Tintasiyasi.id.com -- Hingga kini kebakaran hutan dan lahan di berbagai titik di wilayah Kalimantan masih terus terjadi. Berdasarkan data Badan Penanggulangan Bencana Daerah (BPBD) Kalimantan Tengah per 30 Agustus 2026, tercatat ada 49.551 titik panas dan 2.222 kejadian kebakaran hutan dan lahan (karhutla) dengan luas area terbakar mencapai 6.358,71 hektare di wilayah Kalimantan Tengah ( www.bbc.com 30 Agustus 2026).
Setiap tahun terutama di musim kemarau kita akan di suguhkan dengan berita tentang kebakaran hutan. Mengapa persoalan ini seakan terus berulang? Apakah hanya karena faktor alam, atau kah adanya pengawasan yang lemah, penegakan hukum yang kurang efektif atau memang ada masalah mendasar dalam pengelolaan hutan. Bila kejadian serupa terus muncul, berarti sesungguhnya akar masalahnya belum diselesaikan secara tuntas.
Kebakaran hutan dan lahan sejatinya bukan sekadar persoalan teknis semata. Hal ini tentu juga menyangkut cara pandang sistem dalam mengelola sumber daya alam dalam membuat kebijakan. Dalam sistem kapitalisme sekuler seperti yang di terapkan di dunia saat ini, terutama di Indonesia.
Pemerintah seakan semangat mengejar pertumbuhan ekonomi yang tinggi, hal tersebut nampak dari sikap pemerintah dalam menjadikan hutan diperlakukan layaknya komoditas. Sementara kelestarian lingkungan kerap dinomor-duakan.
Dampaknya hal tersebut terlihat dari meningkatnya deforestasi yang merusak ekosistem dan memperbesar risiko kebakaran, terutama di lahan gambut.

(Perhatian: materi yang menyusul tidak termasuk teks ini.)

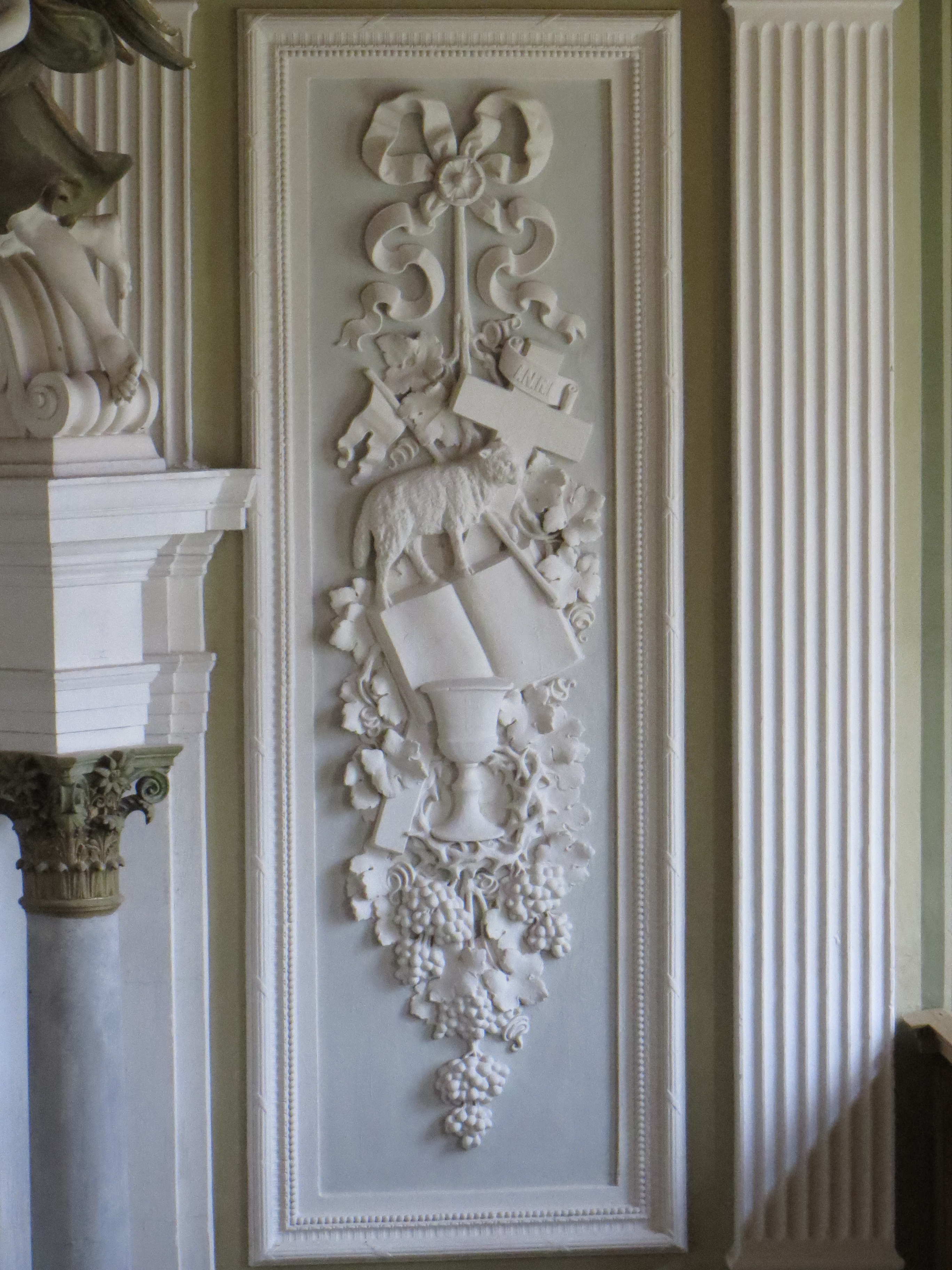 Church in Melkof: Detail

Ketika lahan gambut kering, menyebabkan api sulit dipadamkan dan menimbulkan dampak yang semakin meluas berupa kabut asap tebal, gangguan kesehatan, kerugian ekonomi, hingga kerusakan lingkungan jangka panjang.

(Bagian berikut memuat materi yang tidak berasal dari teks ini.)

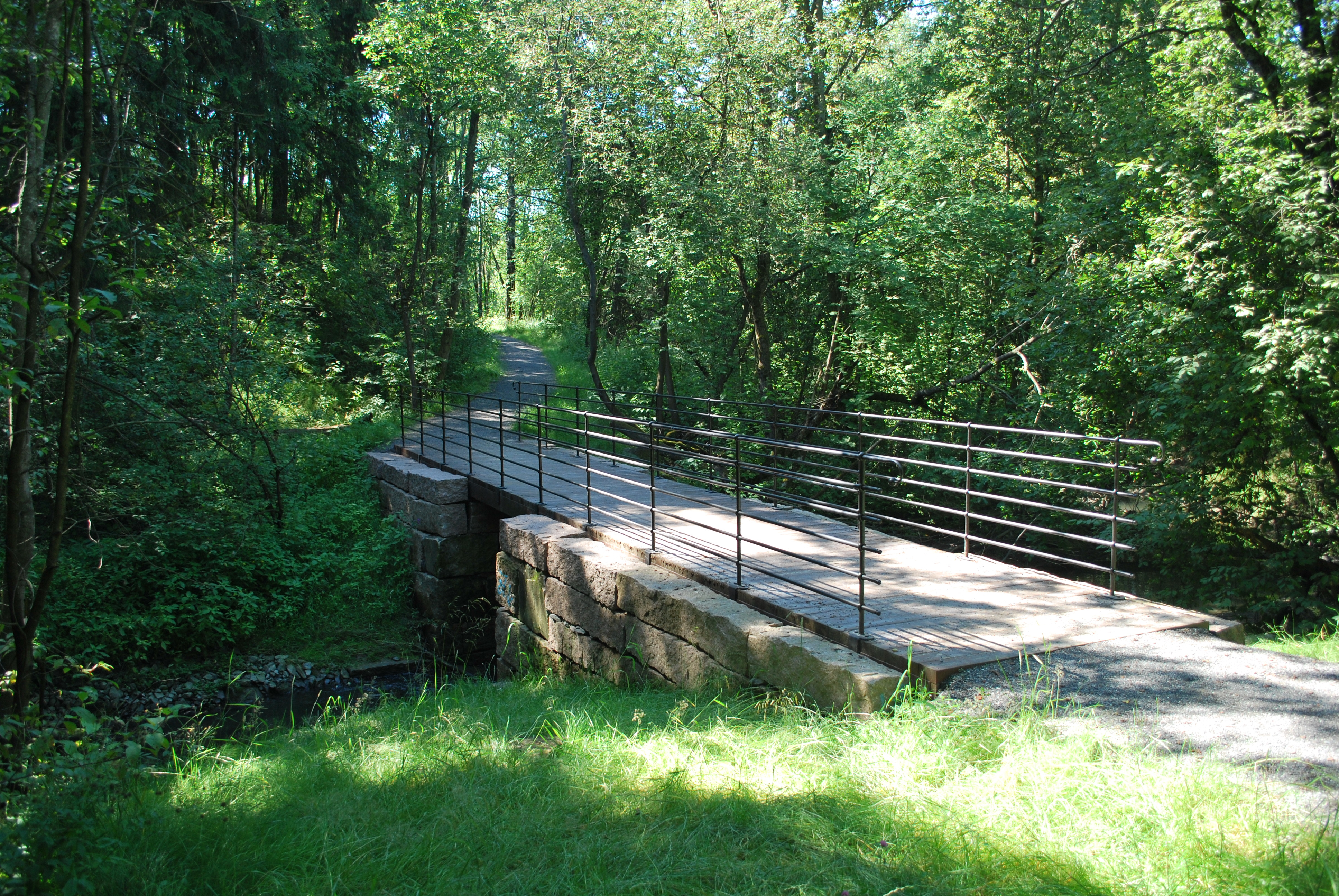 Alnaparken, bridge over river Alna. Turvei (park trail) D10

Sesungguhnya kebakaran hutan dan lahan tidak bisa hanya dipahami sebagai lemahnya pengawasan atau pelanggaran di lapangan. Ini juga terkait arah kebijakan pemerintah dalam hal pembangunan.
Ketika kepentingan ekonomi lebih didahulukan dibandingkan dengan perlindungan terhadap lingkungan, maka kebijakan pemerintah yang sah secara hukum pun tetap bisa membuka celah eksploitasi yang jelas hal tersebut dapat merusak alam.
Ini merupakan buah dari kebijakan pemerintah terkait konsesi hutan untuk para pemilik modal /perusahaan. Dan juga abainya perusahaan serta negara dalam menjaga hutan sebagai paru-paru dunia. Didukung pula oleh penerapan hukum yang tumpul ke atas namun tajam ke bawah, sehingga hal tersebut tak mampu untuk memberikan efek jera bagi para pelaku pembakar hutan tersebut.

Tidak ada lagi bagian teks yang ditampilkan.